#### INPUT DATA ####
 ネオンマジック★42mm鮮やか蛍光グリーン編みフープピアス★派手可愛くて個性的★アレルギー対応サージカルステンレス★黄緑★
####
#### INPUT DATA ####
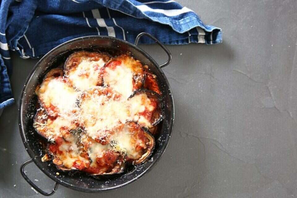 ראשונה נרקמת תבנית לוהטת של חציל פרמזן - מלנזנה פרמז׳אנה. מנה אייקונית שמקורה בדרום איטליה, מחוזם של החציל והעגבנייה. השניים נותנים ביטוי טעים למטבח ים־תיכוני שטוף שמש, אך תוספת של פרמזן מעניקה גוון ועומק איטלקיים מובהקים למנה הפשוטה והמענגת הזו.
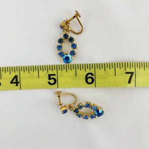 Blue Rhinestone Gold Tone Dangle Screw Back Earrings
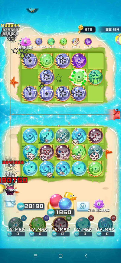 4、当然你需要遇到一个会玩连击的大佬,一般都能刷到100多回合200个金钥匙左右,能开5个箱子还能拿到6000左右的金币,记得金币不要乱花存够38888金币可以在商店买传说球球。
####
> WHAT THE EXERCISE ASKS:
Exactly the lines starting at the one above with "ראשונה נרקמת תבנית" and ending at the one with "4、当然你需要遇到一个会玩连" should be printed, and nothing else. Omit the pictures.

> ANSWER TO THIS PROBLEM:
 ראשונה נרקמת תבנית לוהטת של חציל פרמזן - מלנזנה פרמז׳אנה. מנה אייקונית שמקורה בדרום איטליה, מחוזם של החציל והעגבנייה. השניים נותנים ביטוי טעים למטבח ים־תיכוני שטוף שמש, אך תוספת של פרמזן מעניקה גוון ועומק איטלקיים מובהקים למנה הפשוטה והמענגת הזו.
 Blue Rhinestone Gold Tone Dangle Screw Back Earrings
 4、当然你需要遇到一个会玩连击的大佬,一般都能刷到100多回合200个金钥匙左右,能开5个箱子还能拿到6000左右的金币,记得金币不要乱花存够38888金币可以在商店买传说球球。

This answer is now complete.